Task requirements |
Give the data again word for word; drop the pictures.

Dataset content |
────────────────────────────────────────

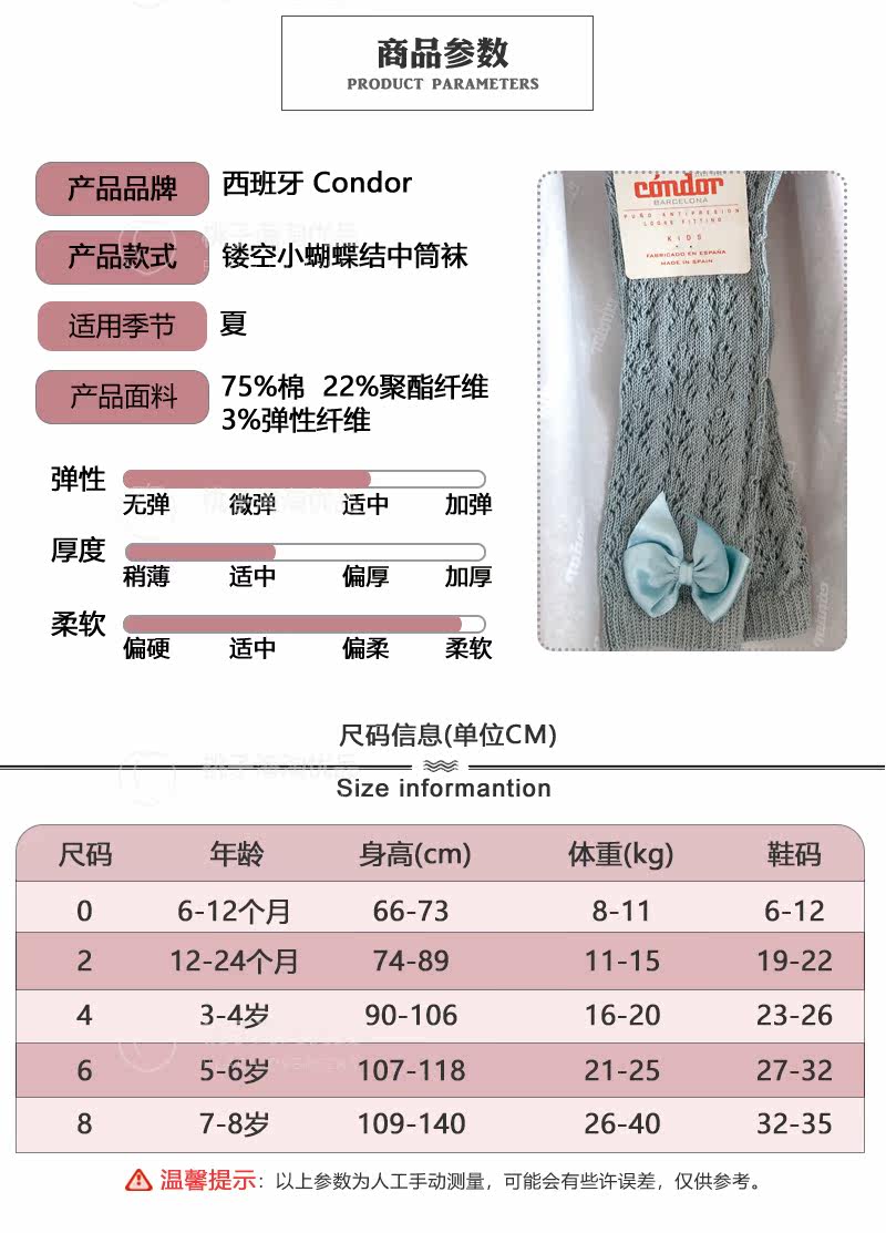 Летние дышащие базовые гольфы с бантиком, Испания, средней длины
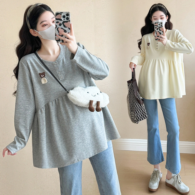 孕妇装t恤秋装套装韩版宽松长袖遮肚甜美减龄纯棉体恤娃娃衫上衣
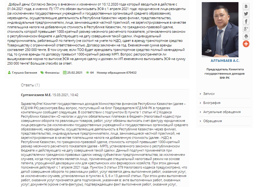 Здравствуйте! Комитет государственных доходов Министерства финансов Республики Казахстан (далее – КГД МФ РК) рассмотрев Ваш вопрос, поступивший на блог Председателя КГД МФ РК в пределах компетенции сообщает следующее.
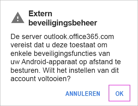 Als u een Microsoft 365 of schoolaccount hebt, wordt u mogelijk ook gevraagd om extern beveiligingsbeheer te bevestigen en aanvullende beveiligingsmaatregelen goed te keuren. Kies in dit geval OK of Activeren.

────────────────────────────────────────

Your solution |
 Летние дышащие базовые гольфы с бантиком, Испания, средней длины
 孕妇装t恤秋装套装韩版宽松长袖遮肚甜美减龄纯棉体恤娃娃衫上衣
 Здравствуйте! Комитет государственных доходов Министерства финансов Республики Казахстан (далее – КГД МФ РК) рассмотрев Ваш вопрос, поступивший на блог Председателя КГД МФ РК в пределах компетенции сообщает следующее.
 Als u een Microsoft 365 of schoolaccount hebt, wordt u mogelijk ook gevraagd om extern beveiligingsbeheer te bevestigen en aanvullende beveiligingsmaatregelen goed te keuren. Kies in dit geval OK of Activeren.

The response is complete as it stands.